Drupal is as good an example as any. It has a standard workflow that is designed to be useful in the common case where content is continually updated: each node can be drafted separately and only published when ready; new revisions of individual nodes can be worked on while the old revision is still the published one; the default front page is a list of latest additions; nodes can be tagged with keywords, and keywords used to browse nodes by subject.

With these basic building blocks you can create a site in the styles that are common on the web—an up-to-the-minute news blog, or a collection of textbook pages with a ‘what’s new’ page to encourage regular visits, a product catalogue with shopping cart for e-commerce, a mess of forums, and so on.

The Drupal approach has a fairly lightweight approach to what consultants call ‘workflow’; the assumption is that improvements to the site are being continually integrated, and that the site editors are empowered to decide whether a node is fit for publication. This is reasonable since these are prerequisites of a successful web site.

2. A Caricature of Government Web Site Management

(diagram)

The government delegates responsibility for areas of policy to quangos; these in turn subcontract web sites to project-management firms, who subcontract to web-site design company, who subcontract the building of the site to a software company, who in turn employ a developer or two to do that actual work.

Subcontracting means fixed-price contracts to try to mitigate the RISK of project overruns, which entails the site being updated in big, elaborate releases, rather than continual small changes. The release is specified in a specification in Microsoft Word format, mailed back and forth as the details are thrashed out. The specifications lump changes to the site’s content together with new features, which is how I end up doing text corrections alongside intricate programming jobs.

Where large amounts of new content are to be added, they might be provided as a folder full of Microsoft Word documents or a Microsoft Excel spreadsheet with one row per new resource. Or, more likely, the promise to provide them during the development cycle.

Another thing required to try to mitigate the RISK created combining so many disparate changes in to one release is the creation of a staging site that can be exhaustively tested (user acceptance-testing, or UAT) before going live.

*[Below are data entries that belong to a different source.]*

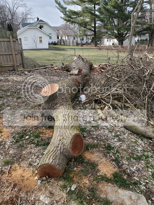 All those branches on the right are what I had to throw over from my neighbors yard in haste, late last October, after the vertical limb, that top cut on the trunk, rotated down into their yard.
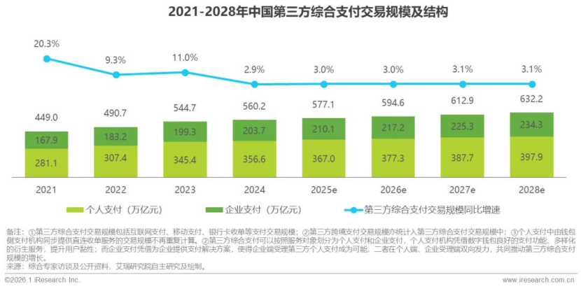 2024年以前,第三方支付综合支付市场规模的增速维持在10%及以上;到了2024年—2025年,这一增速迅速下降到3%左右,并将在未来几年里维持这一速度。
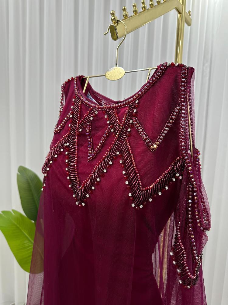 - تنظيف جاف للحفاظ على التفاصيل المطرزة

3. How Can it Possibly Go Wrong?

One problem with several-month-long fixed-price contracts is that you end up with a site that is updated only a few times a year—the opposite of what is recommended if you want users to return to your site more than once or twice, let alone make it the centre of their on-line existence, which is what all these quango-devised sites aspire to be.

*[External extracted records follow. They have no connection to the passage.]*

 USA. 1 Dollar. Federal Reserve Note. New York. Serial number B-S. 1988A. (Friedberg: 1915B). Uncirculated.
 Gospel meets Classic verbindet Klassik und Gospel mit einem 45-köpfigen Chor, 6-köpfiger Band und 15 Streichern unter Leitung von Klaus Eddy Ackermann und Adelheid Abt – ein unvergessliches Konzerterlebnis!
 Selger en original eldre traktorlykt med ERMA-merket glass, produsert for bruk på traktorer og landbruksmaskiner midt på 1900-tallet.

There is also the complication that no-one in government does anything unless harassed over the phone. So after nine months of consultation, there is six weeks left for development, and signed-off specifications don’t actually turn up in the developer’s inbox until the night before shipping. The copy will not have been proof-read, so new versions will be hastily mailed to us during the UAT period.

By way of illustration, at one point I had four spreadsheets; three of them were named Resource Library_21Nov2009_FINAL_rev2.xls. By the time we had finished UAT, more or less every task had been done twice: first from the signed-off specification, then again when change requests countermanded it.

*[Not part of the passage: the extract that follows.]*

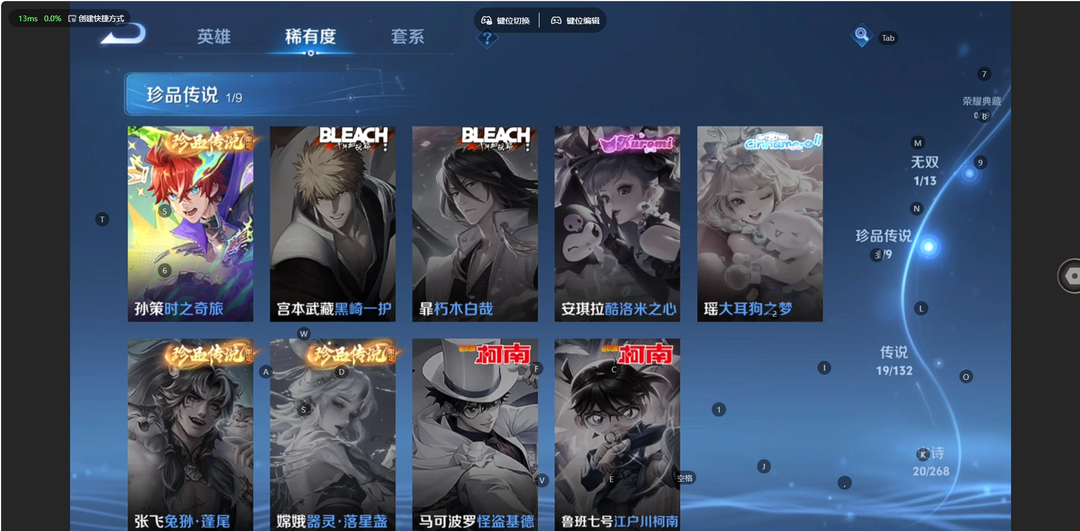 v10、524皮5水4无双、遇见神鼓、齐天大圣、白虎志、韩信荣耀典藏、72传说、愿照·九州拓、时之魔女、瑶无双、青丘、九尾、神器明辉仪

4. Why Drupal is Helpless to Help

A complete separate server and database will be required for the staging site so that there is no RISK of changes on the staging site affecting the live site. This causes trouble because systems like Drupal store forum posts contributed by users in the same way as pages provided by the site editors; we end up with two Drupal sites whose databases must be merged to make the new live site. This is incredibly finicky and fragile, and if it goes wrong, chunks of content might be destroyed.

The alternative is to have a process where the developers make copious notes whenever they change settings or add content to the staging site, and then the night before the launch day, repeat these steps without error on the live site. In each case we have the perverse situation that after all that frenetic testing and the final sign-off of the site, we begin a deployment process that might easily wreck the whole thing.

The other problem is that they do not use the CMS to edit the content. Instead programmers are obliged to copy and paste text from Word or Excel documents for them. This is tedious and error-prone.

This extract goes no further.